Peluncuran program tersebut berlangsung pada pameran flora dan fauna Flona 2025 di Lapangan Banteng, Jakarta, Jumat (29/8). Acara ini dihadiri Menteri PPN/Kepala Bappenas Rachmat Pambudy, Direktur Utama BRI Hery Gunardi, dan Direktur Network & Retail Funding BRI Aquarius Rudianto.
Kebutuhan susu nasional terus meningkat dan menjadi tantangan besar dalam ketahanan pangan. Pada 2023, kebutuhan susu mencapai 4,53 juta ton, sementara produksi dalam negeri baru 0,84 juta ton atau sekitar 18,54%.
Kekurangan pasokan tersebut ditutupi dengan impor sebesar 3,7 juta ton. Untuk mengurangi ketergantungan, Bappenas menggandeng PT Moosa Genetika Farmindo (Moosa Genetics) dan IPB dalam Program Sapi Merah Putih.
Baca Juga: BRI Catat Portofolio Keuangan Berkelanjutan Rp 807,8 Triliun, Terbesar di Indonesia
Direktur Utama BRI Hery Gunardi menyatakan dukungan BRI sejalan dengan misi untuk hadir di tengah masyarakat. BRI juga fokus pada penguatan sektor pangan dan agribisnis.
“Sebagai bank yang memiliki fokus pada pemberdayaan segmen UMKM, BRI turut mendorong keberhasilan Program Sapi Merah Putih melalui pembiayaan, pendampingan, serta penguatan ekosistem. Kami percaya, program ini akan berkontribusi besar dalam menciptakan ketahanan pangan, membuka lapangan kerja, dan mengurangi impor sapi,” jelasnya.
Dukungan BRI diwujudkan melalui fasilitas transaksi keuangan serta pembiayaan modal kerja dan investasi. Fasilitas itu ditujukan bagi PT Moosa dan mitra bisnisnya.
PT Moosa sendiri merupakan perusahaan bioteknologi yang berfokus pada peningkatan genetik sapi lokal dan sapi perah. Perusahaan ini mengembangkan teknologi reproduksi hewan dan riset molekuler modern.
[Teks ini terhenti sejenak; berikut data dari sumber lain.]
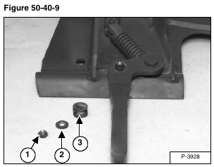 Remove the lever mounting bolt and nut (Item 1), washer (Item 2) and spring (Item 3) [Figure 50-40-9].

Baca Juga: Antisipasi Lonjakan Pasien Campak, RSUD Smart Pamekasan Tambah Bed
Dengan jaringan BRI yang menjangkau seluruh pelosok negeri, perseroan optimistis bisa memperkuat produksi sapi lokal. Langkah ini diharapkan mampu mengurangi ketergantungan impor susu.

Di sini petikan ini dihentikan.